Her big break came in 1935 with publication of Aukštujų Šimonių likimas. She received state literary award, a pension, and dedicated her remaining life to literature. After the 1939 German ultimatum to Lithuania, Klaipėda was attached to Nazi Germany and Simonaitytė moved to Kaunas and in 1963 to Vilnius. Simonaitytė bought a summer house in Priekulė near Klaipėda in 1961 and spent most of her summers there. The summer house was turned into her memorial museum in 1984. Simonaitytė died in Vilnius and was buried in the Writers' Hill of the Antakalnis Cemetery.

==Works==
Simonaitytė's most famous novel, Aukštujų Šimonių likimas, depicted the fate of the Šimoniai family between the 18th and 20th centuries through independent fragments. Once powerful and prosperous, the family weakens as it tries to resist the influence of German colonists. The family loses its fortunes, ethnic culture, and identity. The historical context is not supported by academic research, but a product of imaginary and romantic reconstruction. The author presents much ethnographic data and describes old customs and traditions with loving detail. As the Lithuanian culture gradually and unavoidably disappears under relentless pressure from the Germans, the struggle between two cultures becomes surrounded by a fatalistic aura, but is still painful and hurtful every step of the way.

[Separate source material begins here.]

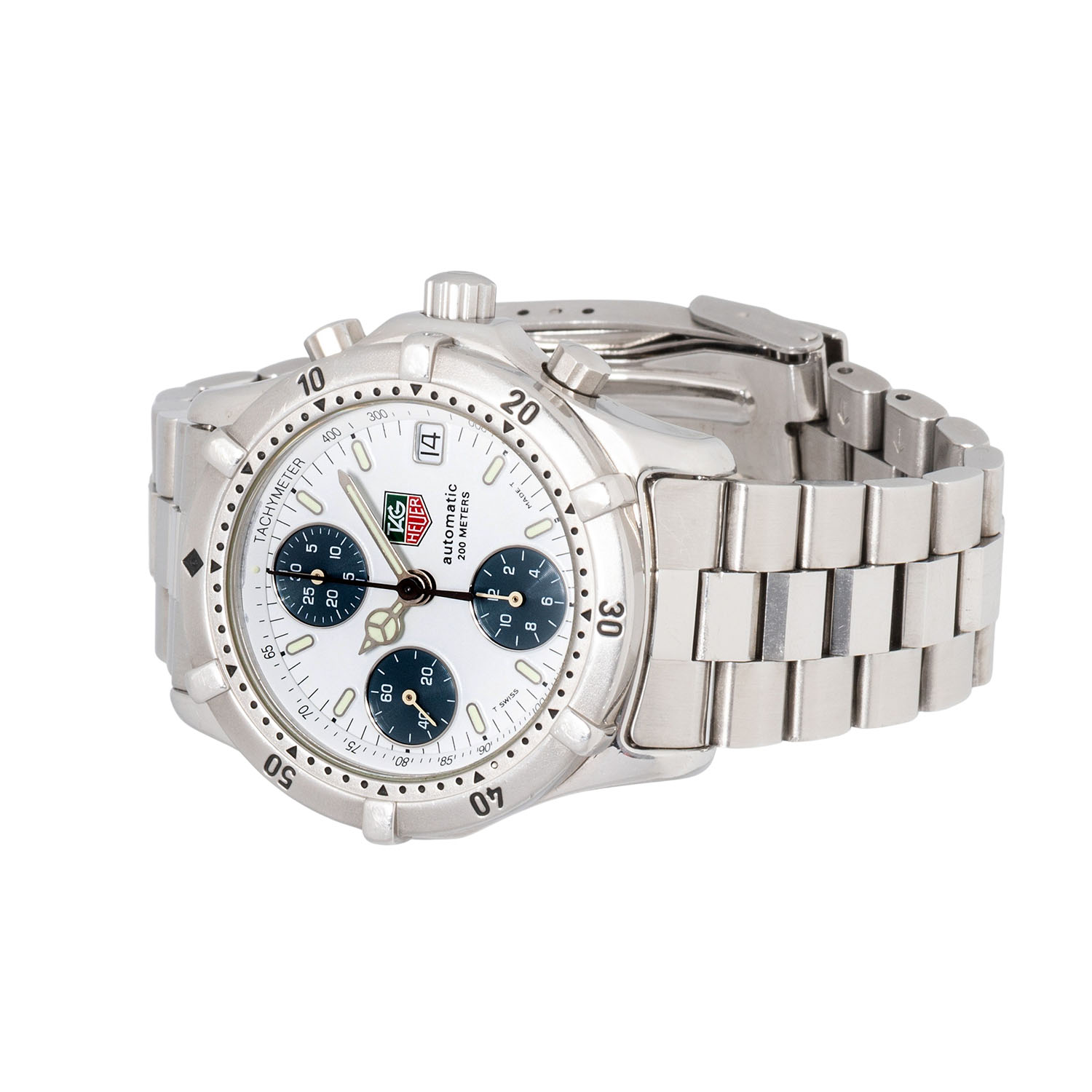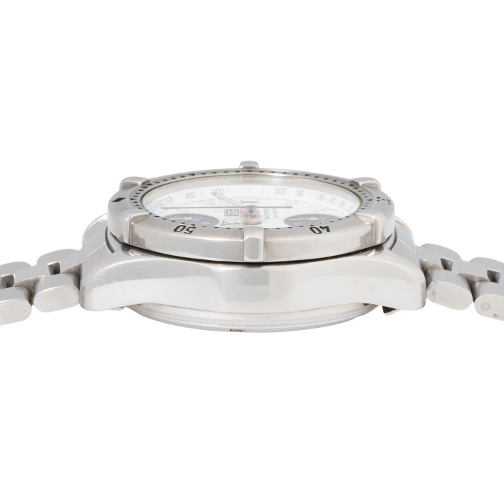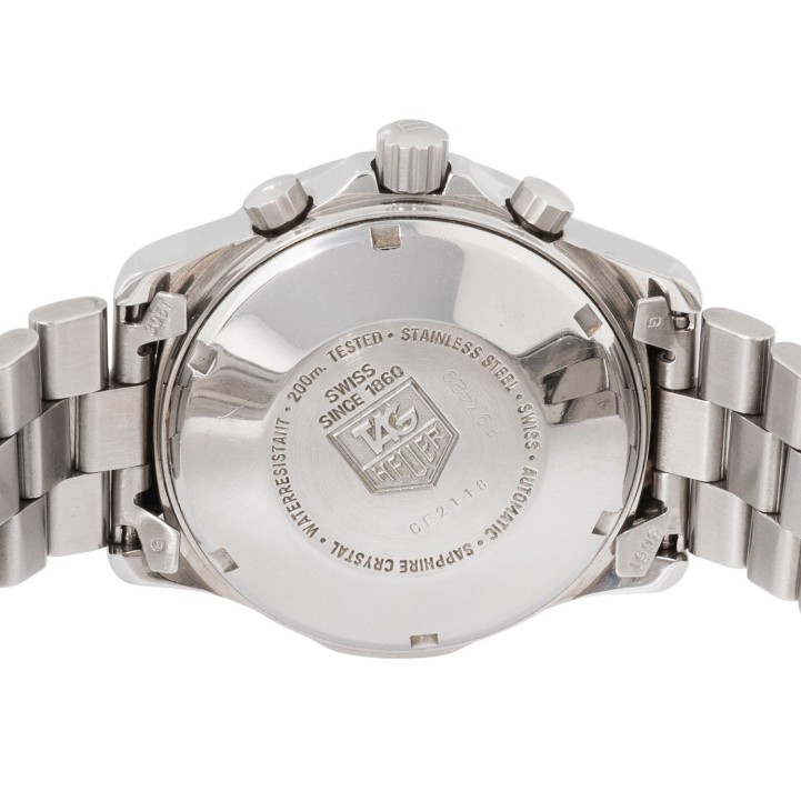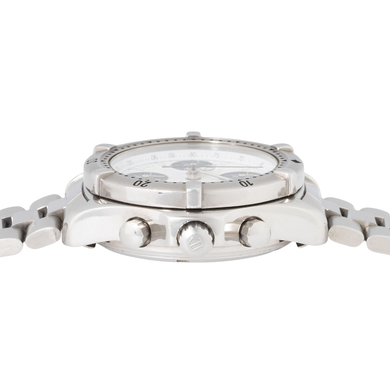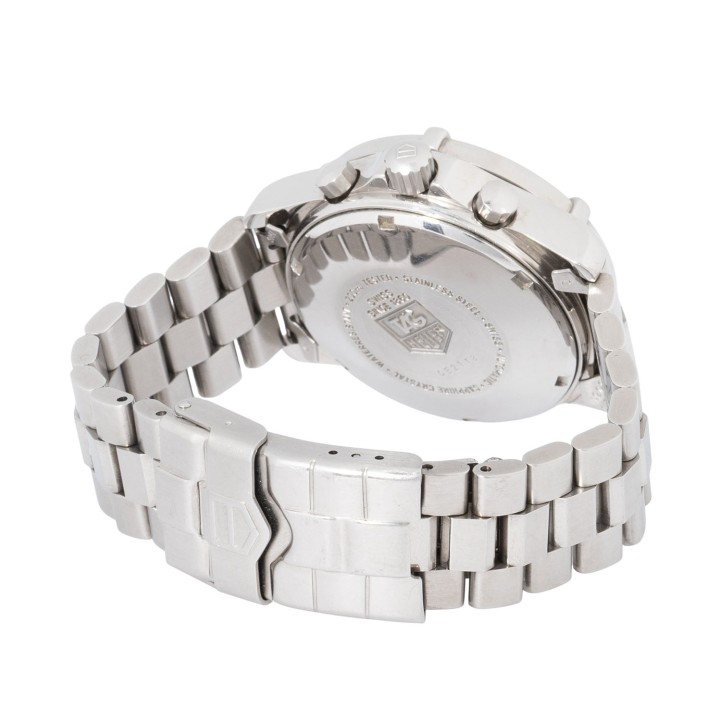 Edelstahl. Automatik-Werk Kal. ETA 7750 mit sehr guten Gangwerten (+/- 0 Sek., 271° Amplitude). Weißes Tritium Zifferblatt mit aufgesetzten Indizes, 3 Totalisatoren, kleiner Sekunde, Tachymeter Skala und Datumsanzeige. Tag Heuer Stahlband (mit Stretch) mit Faltschließe. Guter Zustand mit Tragespuren. Durchmesser ca. 38 mm, gemessen ohne Krone. Passend bis zu ca. 16 cm Handgelenksumfang.

Vilius Karalius (Vilius King), a two-volume work published in 1936 and 1956, is somewhat similar to Aukštujų Šimonių likimas. The novel also tracks the lives of several generations of Prussian Lithuanians, but is distinguished by psychological and social observations. Simonaitytė wrote several autobiographical books: Be tėvo (Without a Father, 1941), ... O buvo taip (It Was Thus..., 1960), Ne ta pastogė (A different Home, 1962), Nebaigta knyga (Unfinished book, 1965). Simonaitytė's biggest weaknesses included excessive wordiness, tendency towards sentimentality, and, in later works, use of clichés of socialist realism. Her works were censored and continuously revised by Soviet authorities; for example, it took six years of revisions to meet requirements of Soviet ideology to publish Pikčiurnienė, a novel about a woman consumed by greed. The novel was turned into a grotesque portrayal of greed and cruelty among the privileged classes (kulak/buožė in Soviet terminology, in Russian and Lithuanian respectively), which was supposed to justify Soviet oppression.